» **Material for this exercise**
______
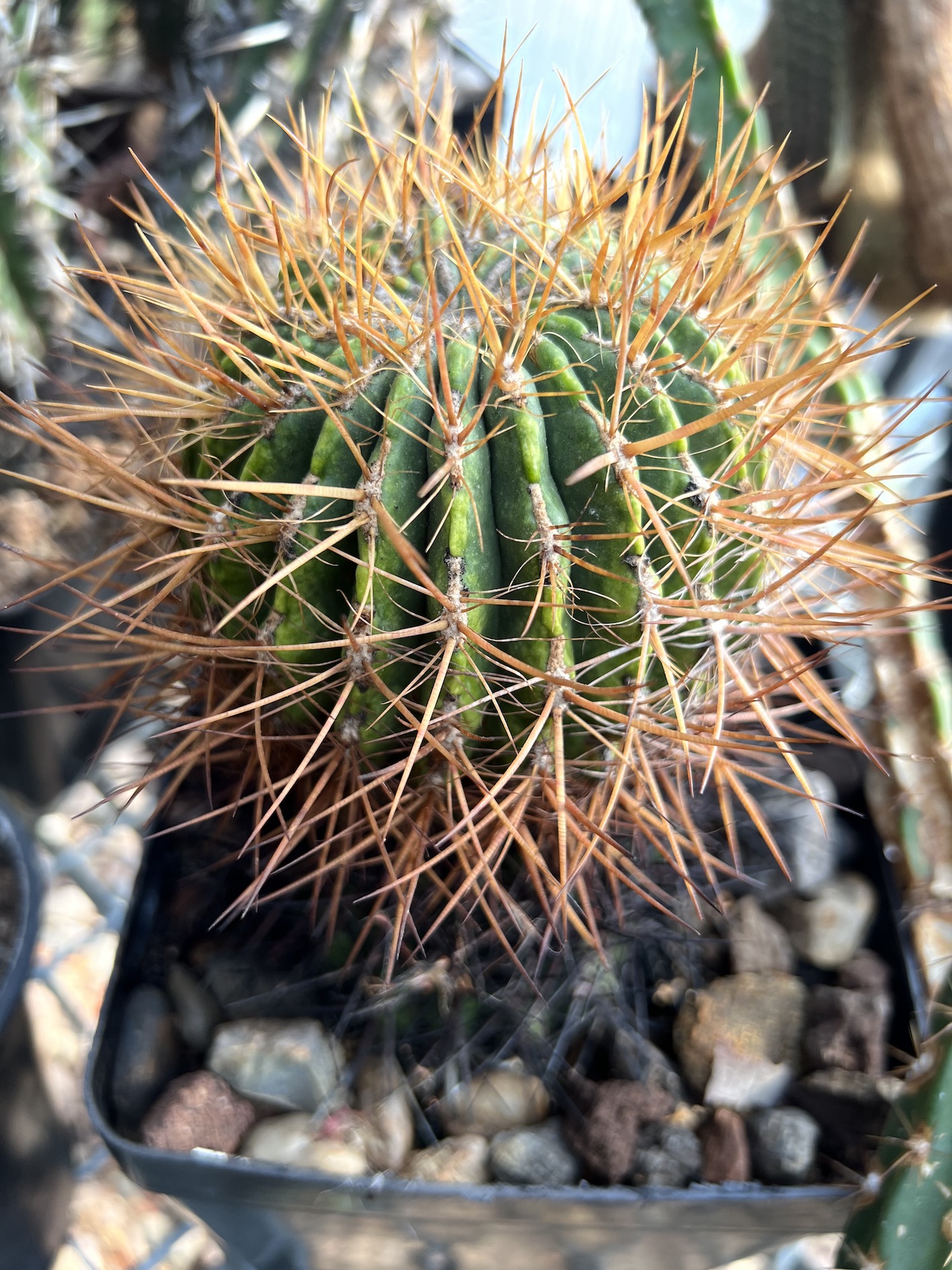 Ich bin mir nicht sicher ob es ein Ferocactus ist oder ein Echinocactus.
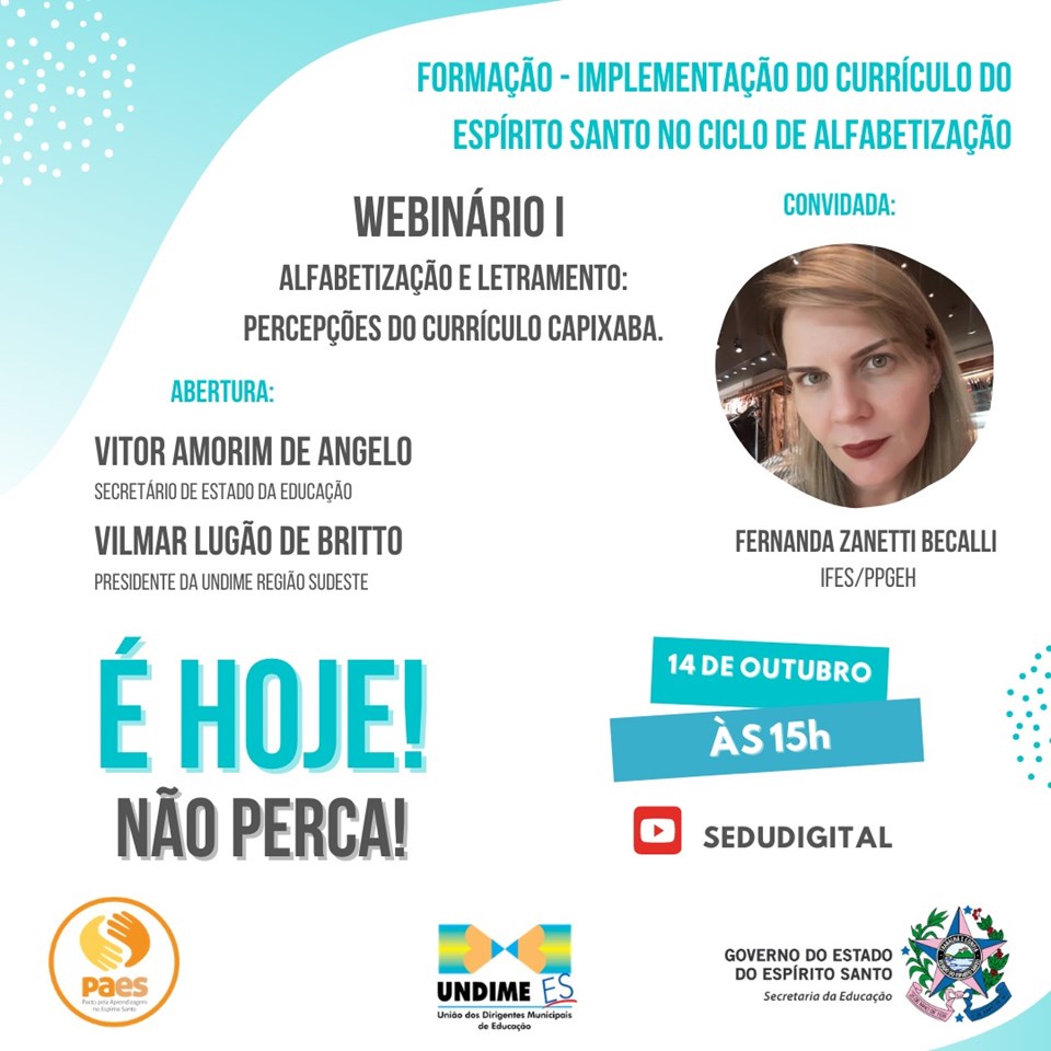 Webinário I – Alfabetização e letramento: percepções do currículo capixaba
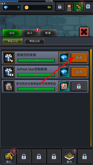 4、点击获得按钮领取钻石奖励,钻石是稀缺资源,可用于解锁特殊功能或加速发展,及时领取可助力游戏进程。
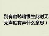 大家好,小聯(lián)來為大家解答以上的問題。別有幽愁暗恨生此時無聲勝有聲出自,別有幽愁暗恨生 此時無聲勝有聲什么意思這個很多人還不知道,現(xiàn)在 瀏覽全文>>
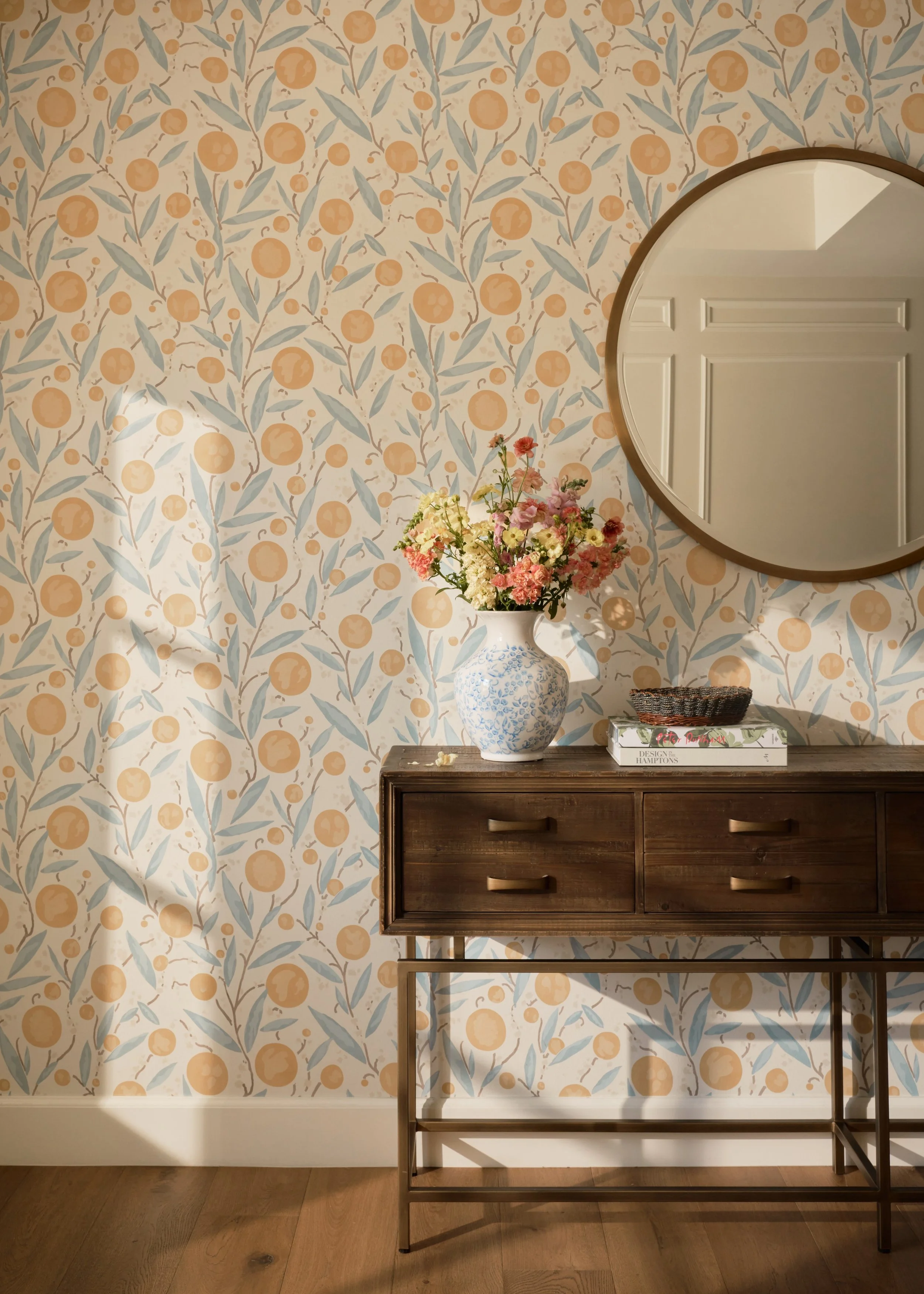 A light, bright beach house in the traditional vein with bold strokes of color, featuring a mix of new furnishings and beloved family heirlooms.
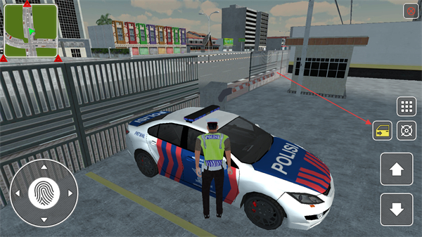 3、将人物移动至警车旁,点击车辆图标可切换至驾驶模式,还可操作喇叭、警灯等功能。
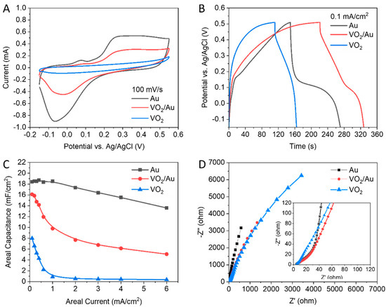 Comparisons of hybrid VO2/Au electrodes and their individual components from −0.15 to 0.55 V. (A) CV curves. (B) GCD curves. (C) Areal capacitance functions. (D) Nyquist plot of EIS with an enlarged scale.
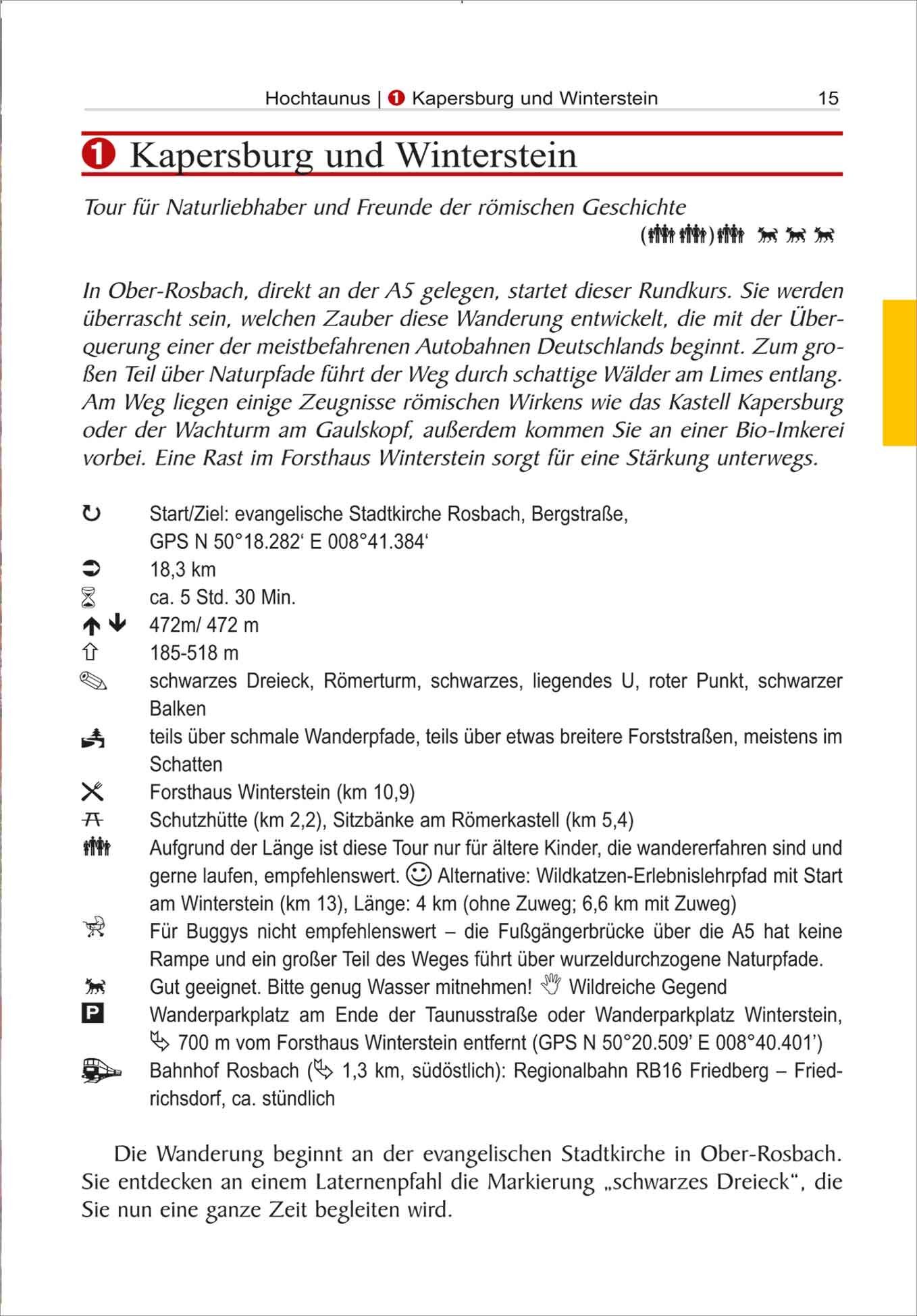 Die Autorin beschreibt 25 Wandertouren im Hochtaunus und im Rheingau, die durch ihre Vielfältigkeit gekennzeichnet sind. Von der kurze Wanderung, die mit Geocaches gewürzt ist bis zum anspruchsvollen Wochenendtrip mit Klettersteig-Einlagen am Rhein ist jede Sp...
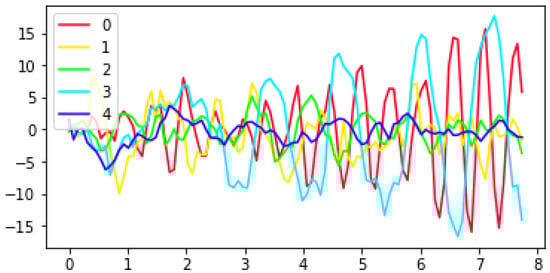 Sample trajectories evolving according to the estimated AR parameters  for each of the five states. Visual inspection of such trajectories are a simple tool to help add insight about the types of movement corresponding to each state. For instance, the sample trajectory from state 0 exhibits the kind of very fast oscillations that were more common in the alternating hand movements task in control or mildly ataxic subjects than in subjects with higher BARS scores.
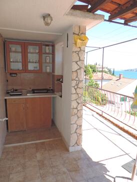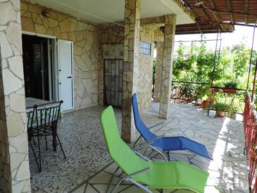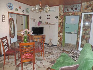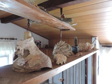 Ferienwohnung bietet Platz für 5 Gäste. Die Betten sind in Schlafzimmern, die es 2 gibt, und in Wohnzimmer, innerhalb einer Gesamtfläche von 57m2, angeordnet. Die Gäste haben eine eigene Terrasse zur Verfügung, auf der sie in warmen Sommernächten genießen können. Das Apartment bietet Meerblick. Es ist erlaubt, Speisen auf dem Gemeinschafts-Grill vorzubereiten.
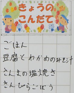 今日のみそ汁の具は豆腐とわかめ。定番の具ですね。今日の様な寒い日には暖かいみそ汁がうれしいですね。
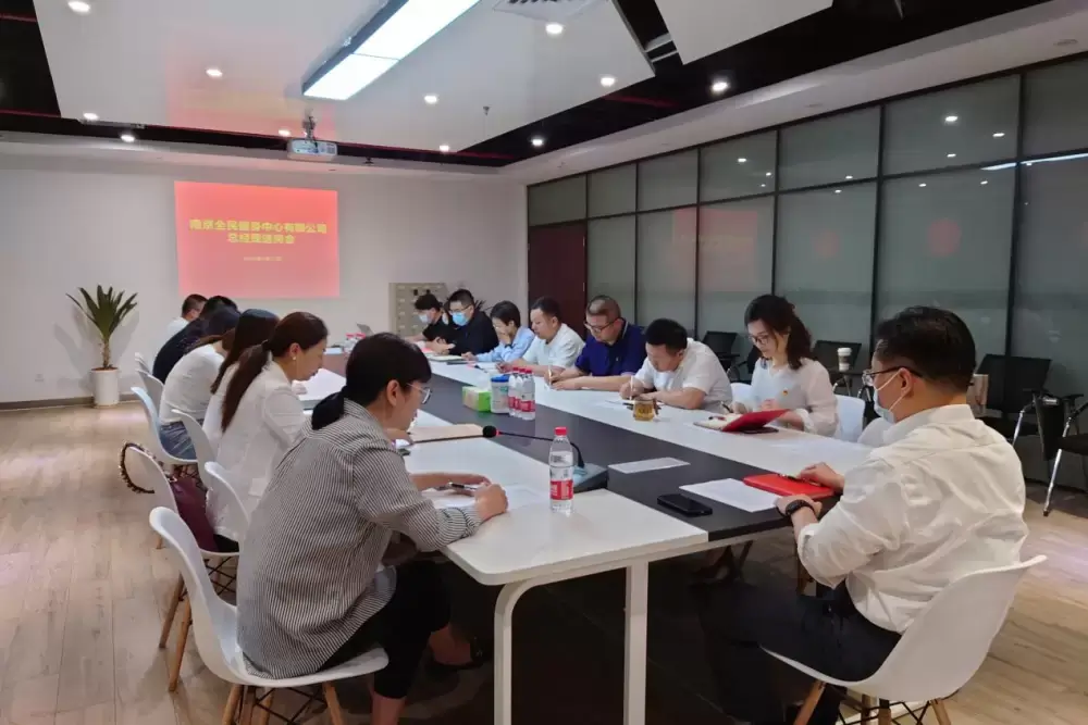 2022-05-30 4 7435月27日下午,南京全民健身中心有限公司新任总经理送岗会在全民公司6楼会议室召开。集团党委书记、董事长章小奇,党委副书记王虹燕,副总经理、党委委员王鹏以及党群工作与人力资源部和全民公司、青奥公司中层以上管理人员参加会议。
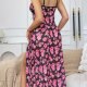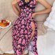 This romantic slip dress features a bold pink rose print over black mesh, accented with delicate lace trim along the sweetheart neckline. Adjustable spaghetti straps and a fitted bodice create a flattering shape, while the side slit adds subtle allure. Made from soft, breathable fabric that drapes beautifully — perfect for lounging or layering under robes. A charming blend of femininity and comfort.
______
» **Problem to work on**
Every line from the line containing "Webinário I –" through the last line above is to be printed exactly. Pictures are not copied.

» **Finished task**
 Webinário I – Alfabetização e letramento: percepções do currículo capixaba
 4、点击获得按钮领取钻石奖励,钻石是稀缺资源,可用于解锁特殊功能或加速发展,及时领取可助力游戏进程。
 大家好,小聯(lián)來為大家解答以上的問題。別有幽愁暗恨生此時無聲勝有聲出自,別有幽愁暗恨生 此時無聲勝有聲什么意思這個很多人還不知道,現(xiàn)在 瀏覽全文>>
 A light, bright beach house in the traditional vein with bold strokes of color, featuring a mix of new furnishings and beloved family heirlooms.
 3、将人物移动至警车旁,点击车辆图标可切换至驾驶模式,还可操作喇叭、警灯等功能。
 Comparisons of hybrid VO2/Au electrodes and their individual components from −0.15 to 0.55 V. (A) CV curves. (B) GCD curves. (C) Areal capacitance functions. (D) Nyquist plot of EIS with an enlarged scale.
 Die Autorin beschreibt 25 Wandertouren im Hochtaunus und im Rheingau, die durch ihre Vielfältigkeit gekennzeichnet sind. Von der kurze Wanderung, die mit Geocaches gewürzt ist bis zum anspruchsvollen Wochenendtrip mit Klettersteig-Einlagen am Rhein ist jede Sp...
 Sample trajectories evolving according to the estimated AR parameters  for each of the five states. Visual inspection of such trajectories are a simple tool to help add insight about the types of movement corresponding to each state. For instance, the sample trajectory from state 0 exhibits the kind of very fast oscillations that were more common in the alternating hand movements task in control or mildly ataxic subjects than in subjects with higher BARS scores.
 Ferienwohnung bietet Platz für 5 Gäste. Die Betten sind in Schlafzimmern, die es 2 gibt, und in Wohnzimmer, innerhalb einer Gesamtfläche von 57m2, angeordnet. Die Gäste haben eine eigene Terrasse zur Verfügung, auf der sie in warmen Sommernächten genießen können. Das Apartment bietet Meerblick. Es ist erlaubt, Speisen auf dem Gemeinschafts-Grill vorzubereiten.
 今日のみそ汁の具は豆腐とわかめ。定番の具ですね。今日の様な寒い日には暖かいみそ汁がうれしいですね。
 2022-05-30 4 7435月27日下午,南京全民健身中心有限公司新任总经理送岗会在全民公司6楼会议室召开。集团党委书记、董事长章小奇,党委副书记王虹燕,副总经理、党委委员王鹏以及党群工作与人力资源部和全民公司、青奥公司中层以上管理人员参加会议。
 This romantic slip dress features a bold pink rose print over black mesh, accented with delicate lace trim along the sweetheart neckline. Adjustable spaghetti straps and a fitted bodice create a flattering shape, while the side slit adds subtle allure. Made from soft, breathable fabric that drapes beautifully — perfect for lounging or layering under robes. A charming blend of femininity and comfort.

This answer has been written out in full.